The worst one was that the auth layer fell back to a default admin user when no token was provided. So if you didn’t send an Authorization header, you got full admin access. We ripped out the fallback entirely so every request needs a valid Bearer token or gets a 401. MCP sessions were stored in Tiki’s temp/ directory which is inside the web root, so we moved them outside the document root with restricted permissions. The token generation used uniqid() which is time-based and predictable, so we replaced it with random_bytes(32). Write operations were logging the IP as 0.0.0.0 instead of the actual client IP. A 403 error response included the username from the token when it should have been a generic message. And Apache CGI/FastCGI strips the Authorization header in some configs, which made token auth silently fail without handling the REDIRECT_HTTP_AUTHORIZATION fallback.

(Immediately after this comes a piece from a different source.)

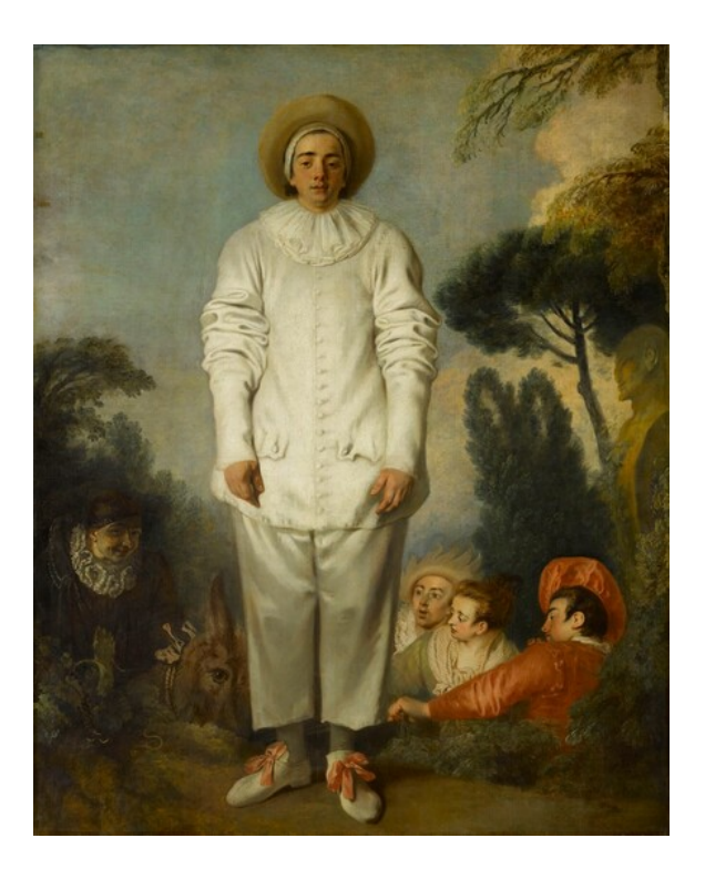
fig. 2 Jean-Antoine Watteau, Pierrot, formerly known as Gilles , c. 1718–1719, oil on canvas, Musée du Louvre, Paris.

The auth fallback one really got to me. That was a “make it work first” shortcut that would have given unauthenticated admin access to anyone who could reach the endpoint. I caught it during review, but it’s the kind of thing that easily ships if you’re moving fast and not thinking about it.
Testing
We wrote 27 PHPUnit integration tests covering all 7 tools and the auth layer, running against a real database rather than mocks so they exercise the full path from tool method to TikiLib to MariaDB and back. The suite covers the full CRUD lifecycle from create through delete, error handling for things like duplicate pages and missing pages, input validation with pagination limits and sort mode allowlists, and the full range of auth scenarios including valid tokens, invalid tokens, expired tokens, missing tokens, and hit tracking.
The result
Once everything was working I connected Claude Code to the MCP server and could manage wiki content through conversation. “What’s on the main page?” reads the page, “create a new policy document” creates it with wiki syntax. The tools show up in Claude Code’s tool list and work like any other MCP integration. We packaged it as a single commit following Tiki’s conventions and submitted a draft merge request on GitLab with a Co-Authored-By: Claude trailer for transparency.
What I learned
The AI absolutely cuts through the ramp-up problem. Tiki’s codebase is 20+ years old with legacy procedural code sitting next to modern Symfony stuff, and understanding the bootstrap sequence, the service layer, the permission system and the caching behavior is the kind of thing that takes days of exploration normally. Claude Code did it by reading the source and what would have taken me most of a week took minutes.
But you can’t just let it run. The AI wrote code that fell back to unauthenticated admin access, stored sessions in the web root, and used a predictable token generator. I caught the auth issue during review and the others came out in a dedicated security audit pass that we did as a separate phase after implementation. Not “let’s hope we catch things during dev” but “stop, read every file, look for problems.” That’s when the real issues surfaced and I think doing it that way is important.
What’s next
This only covers wiki pages. Tiki has trackers, file galleries, calendars, forums, blogs and a lot more, and each could get its own set of MCP tools following the same pattern. The architecture is there, it’s just a matter of adding more tool classes.
If you’ve been thinking about contributing to open source but the ramp-up keeps stopping you, try it with AI tooling. Pick something small, be upfront about the AI assistance, and review everything before you submit because the AI will absolutely ship security holes if you let it.